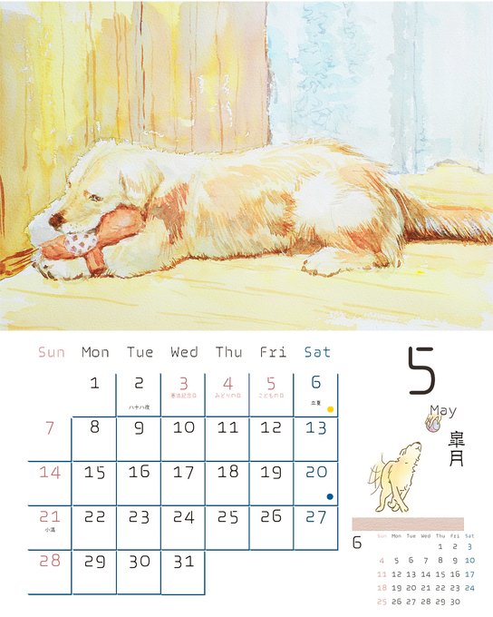8月のタローカレンダーは南魚沼の田んぼです。後方は八海山など越後山脈です。お気に入りの場所で夏には合宿,秋には写生,冬には雪遊びでよく行きました。 #goldenretriever #虹の橋 #水彩
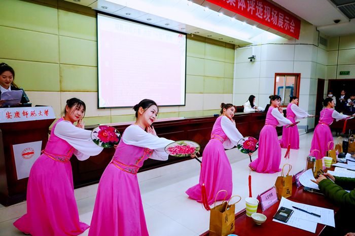 评选会现场,黄梅剧艺术学院表演(黄梅戏表演方向)专业2020级的学生将讲台当作舞台,为在场观众表演了两段特色舞蹈,赢得了阵阵掌声。该班学生积极参加校内外演出活动,不论是百团大战社团表演,还是“喜迎二十大”黄梅戏演唱会,都有他们的身影。班集体的作品《百年华章》在安徽省大学生“喜迎二十大”文艺汇演中荣获一等奖。
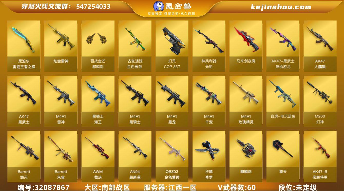 江西一区-64V-10王者-2炫金 【热门武器】:QBZ03-金色蔷薇,M14EBR-玄武,M200-幻神,金色蔷薇-古蛇迷踪,修罗-古蛇迷踪,白虎-电玩蓝兔,金色小号,牛牛-AK47,M4A1-黑骑士,羊驼玩偶,COP-白鲨,COP 357-幻灵,沙鹰-修罗*2 【王者炫金武器】:雷霆王者之锋,炫金雷神,炫金武士,王者之魄高爆手雷,王者之魄闪光弹 【音效卡】:M200-幻神音效卡,M4A1-雷神音效卡,M4A1-黑骑士音效卡,Barrett-碧霄极光音效卡*2,炼狱-百战金芒-庆典舞曲音效卡 【皮肤】:幻神-降龙,幻神-荣耀世冠白鲨2023 皮肤,幻神-电竞之星 皮肤,金色蔷薇-热带奇洋 皮肤,QBZ03-荣耀世冠EP 皮肤,裁决-叶芒苍灵 皮肤,雷神-虎将,雷神-动感闪耀 皮肤,雷神-源计划2.0专属 皮肤,雷神-春花弄影 皮肤,M4A1-再燃火线,火麒麟-轻羽皮肤,毁灭-黑大圣皮肤,毁灭-风暴,毁灭-英雄计划 皮肤,黑龙-墨子皮肤,黑骑士-暗月,黑骑士-冠军之势,黑骑士-电玩青兔皮肤,战神-粉色甜心皮肤,轻型军用手斧-再燃火线,麒麟刺-月皮肤 【角色】:葵,晴雅,王者零-华冠丽服,王者炫,王者影豹,蛇隐宗,奇洋探员,乔伊教练,修道士,炽天使,飞虎队-X,风暴女,虎妞,嘉年华灵狐,葵-赛博朋克,灵狐者-X,女主播,潘多拉-甜心教官,青霞仙子,蛇姬,兔囡囡,雪莉杨,游珑儿 【人偶武器】:COP-白鲨,M4A1-雷神-精英刀锋,AWM-灵狐-15周年嘉年华,COP-旗袍,牛牛-AK47,迷你牛牛,迷你超能女侍 【挑战大师】:冰龙粉碎者-白马银枪,VEPR-12-金魔,激光毁灭者III,神圣爆裂者-末日III 【英雄级武器】:M4A1-千变,AK47-火麒麟,M4A1-黑龙,M4A1-雷神*2,M4A1-黑骑士,AK47-黑武士,AN94-超新星,M14EBR-玄武,QBZ03-天罚,无影-神兵利器,黑武士-锦绣游龙,金色蔷薇-古蛇迷踪,M4A1-玫瑰精灵,QBZ03-金色蔷薇,烈火-动感闪耀,AK-47-猩红传说,AK47-B-战神,王...
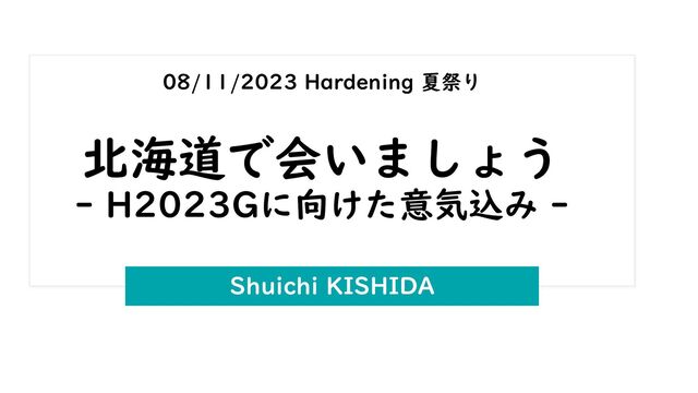 Hardening Summer Festival (Fan event) https://mokumokuhardening.connpass.com/event/292531/ 08/11/2023
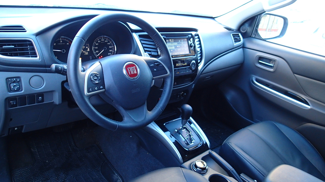 FIAT Fullback не имеет ничего общего с городскими мажорами, его кабину можно сравнить с добротно срубленной сторожкой, в которой сделан приличный ремонт. Кто знаком с Mitsubishi L200, тот незамедлительно обнаружит полное сходство в интерьерах двух пикапов: те же недорогие материалы отделки, классическая компоновка приборов и элементов управления.
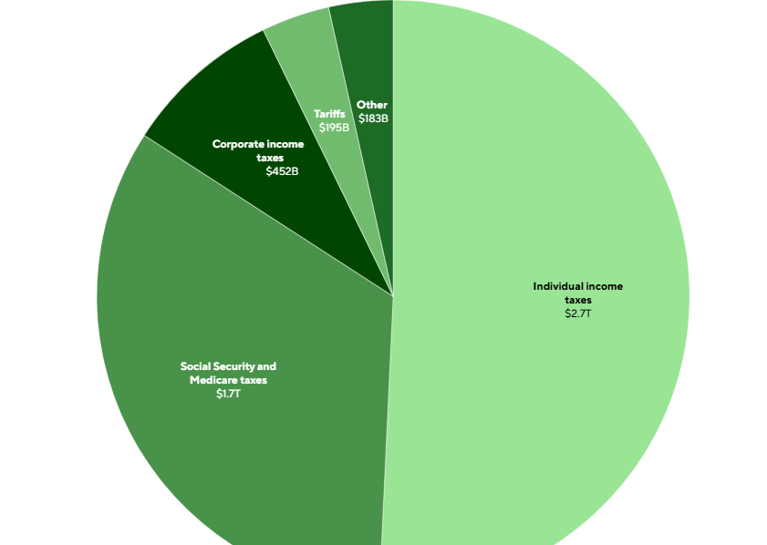 财政部数据显示,2025财年关税收入为1950亿美元,约占个人所得税总额2.67万亿美元的7%。
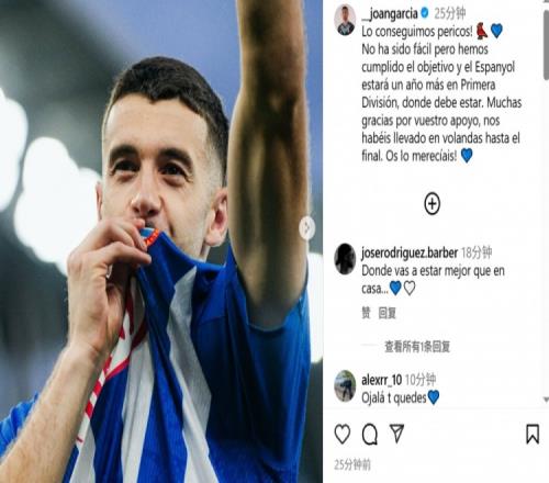 乔安-加西亚发文庆祝,他写道:“我们做到了,鹦鹉军团!这并不容易,但我们实现了目标,西班牙人将在西甲再战一年,这是球队应得的。非常感谢大家的支持,你们的支持让我们坚持到最后,这是你们应得的。”
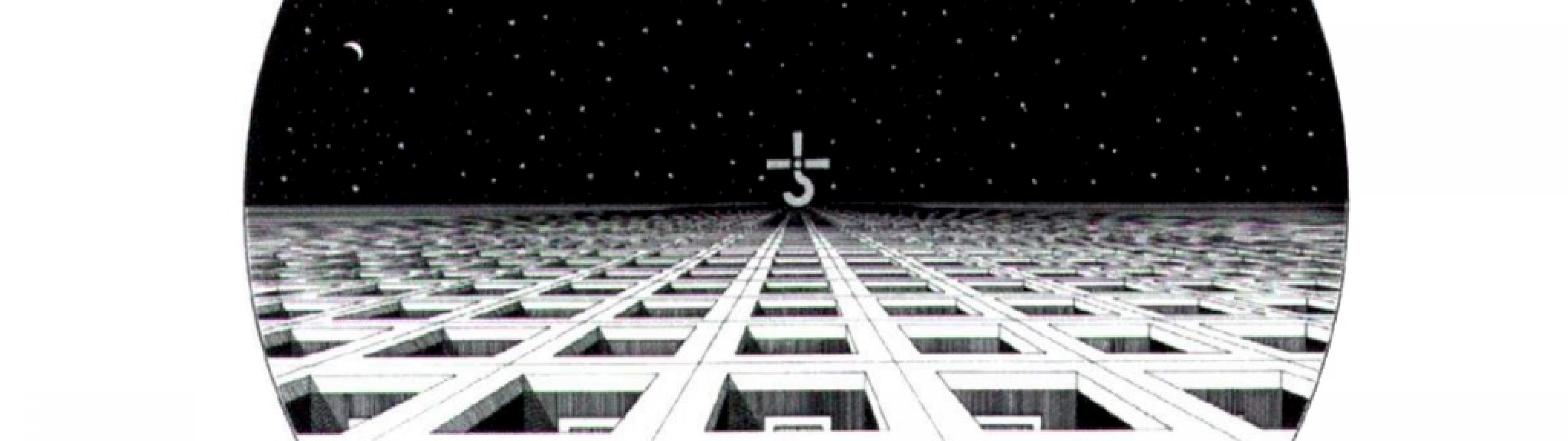 Description: A computer generated image of a futuristic city at night with stars in the sky and a cross on the top of the structure.
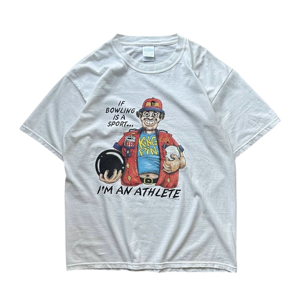 > 00’s GILDAN ギルダン Tシャツ L サイズ ホワイト 白色 ギャグ プリント イラスト キャラクター ボウリング スポーツ アメリカ 半袖
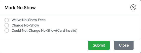 - Mark No-Show and confirm fees waived

——

== TASK INSTRUCTIONS ==
Copy the lines from the line that contains "Hardening Summer Festival" through the end of the records, exactly and with nothing added; leave the pictures out.

== WRITTEN SOLUTION ==
 Hardening Summer Festival (Fan event) https://mokumokuhardening.connpass.com/event/292531/ 08/11/2023
 FIAT Fullback не имеет ничего общего с городскими мажорами, его кабину можно сравнить с добротно срубленной сторожкой, в которой сделан приличный ремонт. Кто знаком с Mitsubishi L200, тот незамедлительно обнаружит полное сходство в интерьерах двух пикапов: те же недорогие материалы отделки, классическая компоновка приборов и элементов управления.
 财政部数据显示,2025财年关税收入为1950亿美元,约占个人所得税总额2.67万亿美元的7%。
 乔安-加西亚发文庆祝,他写道:“我们做到了,鹦鹉军团!这并不容易,但我们实现了目标,西班牙人将在西甲再战一年,这是球队应得的。非常感谢大家的支持,你们的支持让我们坚持到最后,这是你们应得的。”
 Description: A computer generated image of a futuristic city at night with stars in the sky and a cross on the top of the structure.
 > 00’s GILDAN ギルダン Tシャツ L サイズ ホワイト 白色 ギャグ プリント イラスト キャラクター ボウリング スポーツ アメリカ 半袖
 - Mark No-Show and confirm fees waived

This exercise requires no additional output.